**Information shown**
== Segment start ==

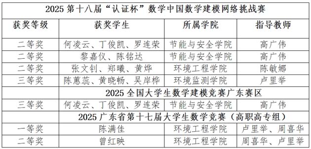 其中,在素有“小国赛”之称的第十八届“认证杯”数学中国数学建模网络挑战赛中,荣获二等奖3项、三等奖1项,指导教师团队由高广伟、陈敏娜、卢里举、陈本晶等教师组成。在全国大学生数学建模竞赛广东赛区比赛中,荣获广东省三等奖1项(指导教师:高广伟)。在广东省第十七届大学生数学竞赛(高职高专组)中,荣获一等奖1项、二等奖1项(指导教师:卢里举、周喜华)。
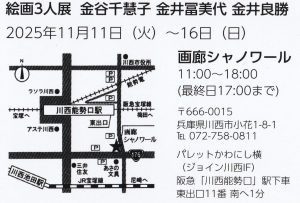 11月11日(火)~16日(日)、「絵画3人展」を開催いたします。場所は兵庫県川西市「パレットかわにし」横、「画廊シャノワール」です。お時間の都合がつきましたら、どうかお運びくださいませ。私は11月12日(水)PM2時~6時、11月15日(土)PM2時~6時、11月16日(日)PM2時~5時最終日)に在室予定です。お待ちしています。
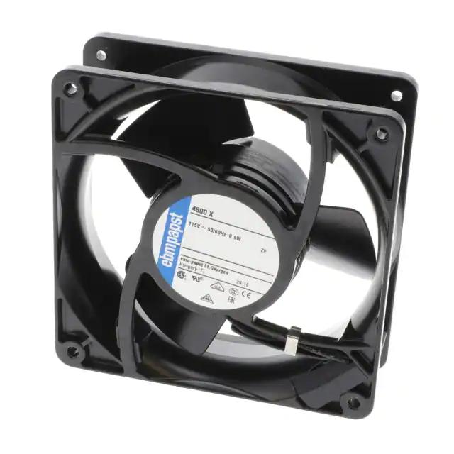 This is manufactured by ebm-papst Inc.. The manufacturer part number is 4800X. The blades are constructed from robust metal materials. It is assigned with possible HTSUS value of 8414.59.6590. Furthermore, the product is 38.00mm wide. The product features power and watts of 9.00w. It has a 56.0 cfm (1.57m³/min) air flow rate. It is approved by ccc, ce, csa, ul, vde. It has noise values of 34.0db(a). It also exhibits voltage rating of 115vac. This has integrated with a sleeve, a bearing with long-lasting features. The product has 14 ~ 167°f (-10 ~ 75°c) operating temperature range. It provides maximum rpm up to 1700 rpm. The latest designed fan is a type of tubeaxial offering unmatchable applications. The product has a 0.080 in h2o (19.9 pa) static pressure. It is shipped in bulk. The product's diameters include square - 119mm l x 119mm h. The product features 2 wire leads termination style. Its typical moisture sensitivity level is not applicable. The splendid features of the product include locked rotor protection. The product 4800x, is a highly preferred choice for users. The frame of the product is made from highly durable metal materials. This product offers longer life span for 60000 hrs @ 40°c. The product is designated with the ear99 code number
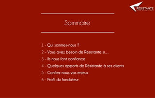 Le cabinet Résistante est un expert en sécurité globale du développement des entreprises, offrant des solutions en management des risques à travers un réseau de 52 consultants certifiés en Europe et dans le monde. Ils aident les entreprises à optimiser leurs investissements en sécurité, se conformer aux normes internationales et améliorer leur résilience face aux crises. Fondé par Sylvan Ravinet, le cabinet se concentre sur la gestion de la continuité des affaires et la protection du patrimoine informationnel.

== Segment end ==

**Task to carry out**
Return the listing verbatim, pictures excluded.

**Your solution**
 其中,在素有“小国赛”之称的第十八届“认证杯”数学中国数学建模网络挑战赛中,荣获二等奖3项、三等奖1项,指导教师团队由高广伟、陈敏娜、卢里举、陈本晶等教师组成。在全国大学生数学建模竞赛广东赛区比赛中,荣获广东省三等奖1项(指导教师:高广伟)。在广东省第十七届大学生数学竞赛(高职高专组)中,荣获一等奖1项、二等奖1项(指导教师:卢里举、周喜华)。
 11月11日(火)~16日(日)、「絵画3人展」を開催いたします。場所は兵庫県川西市「パレットかわにし」横、「画廊シャノワール」です。お時間の都合がつきましたら、どうかお運びくださいませ。私は11月12日(水)PM2時~6時、11月15日(土)PM2時~6時、11月16日(日)PM2時~5時最終日)に在室予定です。お待ちしています。
 This is manufactured by ebm-papst Inc.. The manufacturer part number is 4800X. The blades are constructed from robust metal materials. It is assigned with possible HTSUS value of 8414.59.6590. Furthermore, the product is 38.00mm wide. The product features power and watts of 9.00w. It has a 56.0 cfm (1.57m³/min) air flow rate. It is approved by ccc, ce, csa, ul, vde. It has noise values of 34.0db(a). It also exhibits voltage rating of 115vac. This has integrated with a sleeve, a bearing with long-lasting features. The product has 14 ~ 167°f (-10 ~ 75°c) operating temperature range. It provides maximum rpm up to 1700 rpm. The latest designed fan is a type of tubeaxial offering unmatchable applications. The product has a 0.080 in h2o (19.9 pa) static pressure. It is shipped in bulk. The product's diameters include square - 119mm l x 119mm h. The product features 2 wire leads termination style. Its typical moisture sensitivity level is not applicable. The splendid features of the product include locked rotor protection. The product 4800x, is a highly preferred choice for users. The frame of the product is made from highly durable metal materials. This product offers longer life span for 60000 hrs @ 40°c. The product is designated with the ear99 code number
 Le cabinet Résistante est un expert en sécurité globale du développement des entreprises, offrant des solutions en management des risques à travers un réseau de 52 consultants certifiés en Europe et dans le monde. Ils aident les entreprises à optimiser leurs investissements en sécurité, se conformer aux normes internationales et améliorer leur résilience face aux crises. Fondé par Sylvan Ravinet, le cabinet se concentre sur la gestion de la continuité des affaires et la protection du patrimoine informationnel.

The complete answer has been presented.